# Hyatt Vacation Club Platinum Program



## diegorico (Aug 28, 2022)

I figured others would find the 2022 Hyatt Vacation Club Platinum Program Point Evaluation Schedule and the Interval International Exchange Point Evaluation Schedule useful (see attached).


----------



## diegorico (Sep 7, 2022)

By looking at contracts that are for sale, I was able to get a fairly accurate cost assessment of Hyatt Vacation Club Platinum Points vs contract size.

A couple observations:

Anything < 240,000 points is quite costly in terms of cost per point.
After about 360,000 points the savings in cost per point levels off quite a bit.
Conclusions:

Don't buy anything less than 240,000 points; and consider upping your minimum consideration to 300,000-360,000 if you know you can use the points. Keep in mind that you can roll-over points as part of the program.
Anything above 360,000 points and you are still getting a cost per point savings, it's just incrementally less significant.


----------



## diegorico (Sep 9, 2022)

I figured others might find the Hyatt Vacation Club Platinum Program Rules and Regulations helpful. It goes into detail of how the reservation system works. I've also attached the Platinum Priority benefit summaries.


----------



## diegorico (Sep 11, 2022)

The Platinum Points to World of Hyatt conversion will be 3:1 in increments of 20K for a $143 transaction fee starting in 2023. For smaller accounts, I would say it's not a good value. 

For bigger accounts, and if you convert a sizable amount of points to spread the transaction fee cost, it represents only a decent value. In general, World of Hyatt points are worth a 1.7¢ a point.


----------



## diegorico (Nov 2, 2022)

I just completed a resale purchase of a Hyatt Vacation Club Platinum Points contract in case anyone has any questions about the process, or any limitations placed on resale owners. I'd be happy to answer them.


----------



## Sis8213 (Dec 8, 2022)

diegorico said:


> I just completed a resale purchase of a Hyatt Vacation Club Platinum Points contract in case anyone has any questions about the process, or any limitations placed on resale owners. I'd be happy to answer them.


I spent an hour trying to reset my Tugg password and then find this thread again and may have missed pertinent information if so my apologie. What is this program? I’ve seen multiple listings for point resales and someone posted a very lengthy email sent from Hyatt, but can’t seem to find much info on it. One of the things I saw was the exchange rate from the Vacation Club points to World of Hyatt but does that apply to resale points? What are the maintenance fees, pros and cons versus Hyatt Residence Club? Any info you have time to share would be appreciated


----------



## diegorico (Dec 9, 2022)

Sis8213 said:


> I spent an hour trying to reset my Tugg password and then find this thread again and may have missed pertinent information if so my apologie. What is this program? I’ve seen multiple listings for point resales and someone posted a very lengthy email sent from Hyatt, but can’t seem to find much info on it. One of the things I saw was the exchange rate from the Vacation Club points to World of Hyatt but does that apply to resale points? What are the maintenance fees, pros and cons versus Hyatt Residence Club? Any info you have time to share would be appreciated


Hyatt Vacation Club Platinum Points is the new name for the former Welks Resorts Platinum Points. 
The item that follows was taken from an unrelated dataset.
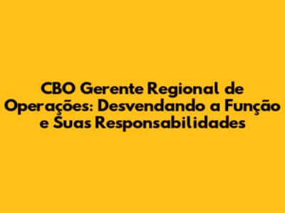 CBO Gerente Regional De Operações: Guia Completo

Point conversions to World of Hyatt Points are not available for resale owners. The conversion is so-so at best, so it's not a big loss IMO. 

You can see the maintenance fees for different point accounts by taking a look at my chart in this thread that shows the cost per point vs points account. You can just multiply them to get the total maintenance fee for that account size. You'll see that it drops exponentially with larger accounts.

Hyatt Residence Club is a completely different program, but I can't really comment on pros/cons as it's a bit like comparing apples to oranges. It really depends on what you're looking for out of a timeshare program. 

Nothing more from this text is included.